Indonesia telah mengimpor aspal selama 45 tahun. Dan DPR RI tidak pernah menanyakan masalah ini kepada pemerintah. Jadi kelihatannya masalah impor aspal ini telah mendapatkan perlakuan khusus, sehingga tidak ada yang berani menyentuhnya.

Sebagai pemerhati aspal Buton, penulis berpikir, seharusnya pemerintah patuh terhadap UUD’45, Pasal 33, Ayat 3, yang menyatakan dengan tegas bahwa bumi dan air dan kekayaan alam yang terkandung di dalamnya dikuasai oleh negara dan digunakan untuk sebesar-besar kemakmuran rakyat. Tetapi mengapa pemerintah tidak patuh? Apakah karena Indonesia sudah berada di dalam zona sangat nyaman impor aspal? Sampai kapankah Indonesia akan terus mengimpor aspal?

Research and Technology Center (RTC) Pertamina telah melakukan studi kelayakan untuk membangun pabrik ekstraksi aspal Buton pada tahun 2020. Hasil dari studi kelayakan tersebut menyatakan bahwa harga aspal Buton ekstraksi lebih murah daripada harga aspal impor.

Tetapi anehnya, informasi penting ini tidak mendapatkan perhatian, baik dari Pertamina sendiri, maupun dari pemerintah. Apakah karena Indonesia sudah berada di dalam zona sangat nyaman impor aspal? Sampai kapankah Indonesia akan terus mengimpor aspal?

Pemerintahan pak Prabowo harus berani langsung turun tangan untuk membenahi masalah impor aspal yang sudah berjalan selama 45 tahun tanpa adanya pihak-pihak yang bernyali untuk  menanyakannya. Apakah kebijakan impor aspal ini telah melanggar Undang-Undang Dasar’45, dan  Undang-Undang No.7 Tahun 2014 tentang Perdagangan?

Apabila impor aspal itu adalah untuk memenuhi kebutuhan aspal di dalam negeri, tetapi mengapa tidak ada upaya-upaya pemerintah untuk mau memanfaatkan aspal Buton yang jumlah depositnya sangat besar.

Bukti konkrit adalah mengapa studi kelayakan dari RTC Pertamina tidak ada tindaklanjutnya? Apakah pemerintah tidak mempunyai hati dan perasaan bahwa dengan melakukan impor aspal selama 45 tahun tersebut, sejatinya pemerintah telah menyakiti dan melukai hati rakyat Indonesia, khususnya rakyat Buton?

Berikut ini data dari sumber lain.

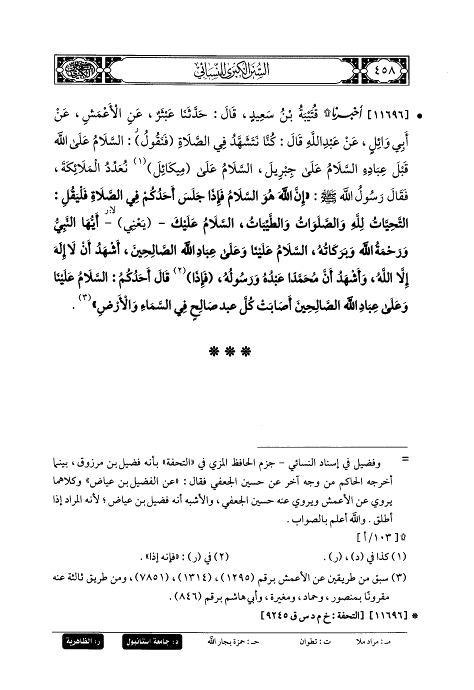 11696- أَخبَرنا قُتَيبَةُ بنُ سَعِيدٍ، قَالَ: حَدثنا عَبْثَرٌ، عَنِ الأَعْمَشِ، عَن أَبي وَائِلٍ، عَن عَبدِ اللهِ، قَالَ: كُنَّا نَتَشَهَّدُ فِي الصَّلاةِ، فَنَقُولُ: السَّلامُ عَلَى اللهِ قَبْلَ عِبَادِهِ، السَّلامُ عَلَى جِبْرِيلَ، السَّلامُ عَلَى مِيكَائِيلَ، نُعَدِّدُ المَلائِكَةَ، فَقَالَ رَسُولُ اللهِ صَلى الله عَليه وسَلم: إِنَّ اللهَ هُوَ السَّلامُ، فَإِذَا جَلَسَ أَحَدُكُمْ فِي الصَّلاةِ، فَلْيَقُلِ: التَّحِيَّاتُ للهِ، وَالصَّلَوَاتُ وَالطَّيِّبَاتُ، السَّلامُ عَلَيْكَ يعني أَيُّهَا النَّبيُّ، وَرَحْمَةُ اللهِ وَبَرَكَاتُهُ، السَّلامُ عَلَيْنَا، وَعَلَى عِبَادِ اللهِ الصَّالِحِينَ، أَشْهَدُ أَنْ لا إِلَهَ إِلاَّ اللهُ، وَأَشْهَدُ أَنَّ مُحَمدًا عَبدُهُ وَرَسُولُهُ، فَإِنَّهُ إِذَا قَالَ أَحَدُكُمُ: السَّلامُ عَلَيْنَا وَعَلَى عِبَادِ اللهِ الصَّالِحِينَ، أَصَابَتْ كُلَّ عَبدٍ صَالِحٍ فِي السَّمَاءِ وَالأَرْضِ.

Pemerintah tidak menghargai dan mensyukuri nikmat karunia potensi besar dari aspal Buton untuk mensubstitusi aspal impor. Dan kalau pemerintah memang bersikeras dan tidak memiliki kemauan politik untuk mau mensubstitusi aspal impor dengan aspal Buton, maka satu-satunya jalan dan solusi adalah “Revolusi Aspal”.

Revolusi aspal adalah istilah yang digunakan untuk menggambarkan perubahan besar dalam pembangunan infrastruktur jalan dengan menggunakan aspal Buton ekstraksi yang bertujuan untuk memperbaiki akses transportasi, meningkatkan mobilitas, dan mendorong pertumbuhan ekonomi suatu daerah atau negara.

Mudah-mudahan pak Prabowo sebagai presiden RI yang memiliki kekuasaan tertinggi di negara Republik Indonesia ini berani mewujudkan revolusi aspal sebagai sebuah kebijakan pemerintah yang strategis dan efektif untuk memberantas mafia impor aspal sampai ke akar-akarnya. Kalau pak Prabowo tidak berani, maka julukan Indonesia sebagai negeri tanpa nyali, mungkin benar adanya.